Importantly, leadership is thoughtful about culture in what is a 24/7 operation. There are specialist roles, work-life flexibility is emphasised, and there are visible employee resource groups and cultural events. Turnover at the company is reportedly below industry average, which is significant in a sector facing widespread staffing challenges.

Management’s philosophy is clear: automate repetitive, unpleasant, low-skilled tasks, then move people toward higher-value work, such as troubleshooting, quality control, and complex areas that require judgment. It’s not about replacing people; it’s about enabling them to do more interesting work while machines handle the drudgery.

“Next-Gen” lab tech

The tour wasn’t just conveyor belts. Pockets of “next layer” tech were visible in AI-assisted slide reading and an increasing use of software and decision support that can pull clinical data from EHRs, suggest appropriate tests based on comorbidities and guidelines, and help doctors avoid under- and over-testing.

Again, this isn’t just cool tech – it’s a way to drive more tests per accession (richer menus for the same patient) and lock in integration with hospital systems, making the lab harder to displace.

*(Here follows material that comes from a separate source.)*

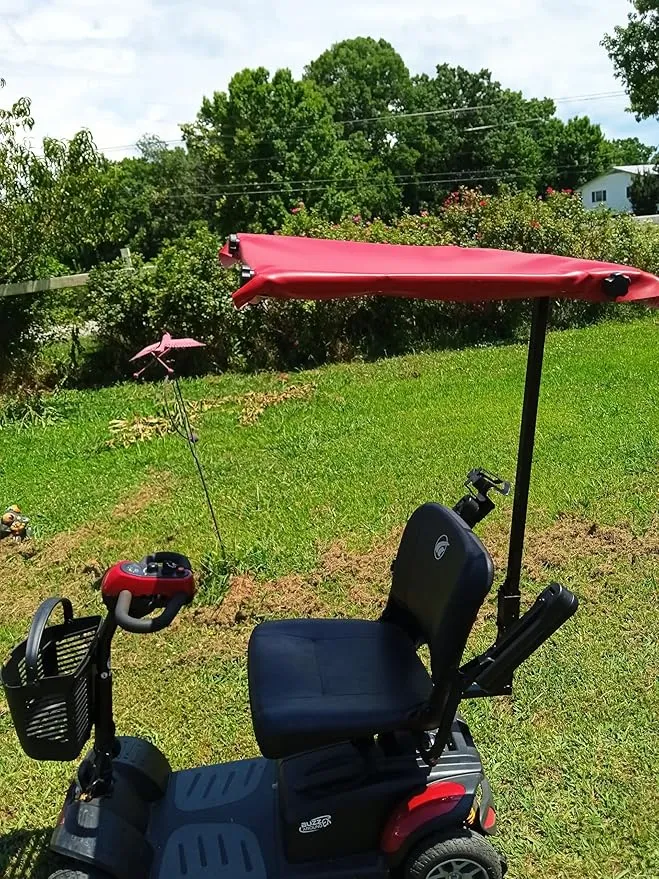 The mobility Scooter Roof will shade you from the sun. It is made out of heavy duty one inch by one inch square steel stock. The roof is made out of marine vinyl. It is very easy to assemble and disassemble. My wife and I use mobility scooters and love our roofs because it gives us shade when we go on our paved trail adventures. Our enhanced design reduces the amount of swaying.
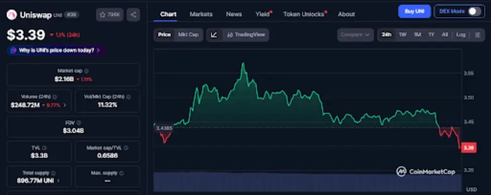 That stability did not hold into the final stretch. $UNI fell again and moved below the earlier consolidation band, ending near the session’s lower area. The latest decline pulled the price under $3.40 as weakness returned late in the period. Market capitalization stood at $2.16 billion, while 24-hour volume reached $248.72 million. Uniswap price recorded an early rebound, a mid-session fade, and a sharper late pullback.

What this means as an investor

My views on this company visit:

  • Scale creates real competitive advantages: the combination of volume, automation, and logistics isn’t easy to replicate, and economics get better with each marginal test, once infrastructure is in place.
  • Automation is more about quality and throughput than headcount cuts: lower error rates, faster results, and the ability to grow without proportionally adding staff is where the margin leverage comes from.
  • Test intensity is visible in how the lab runs: the workflow is set up to easily add more tests from the same sample (e.g. a lipid patient also getting apoB, Lp(a), additional markers). That’s the “tests per accession” story, operationalised.
  • People and culture matter enormously: building this kind of operation isn’t just about installing equipment; it’s about retaining skilled technicians in a challenging 24/7 environment through thoughtful management and career development.

Reading the quarterly earnings presentation might suggest this is just operational detail. Walking through the lab makes clear that the operating model – scale, automation, and people working together – is the actual strategy.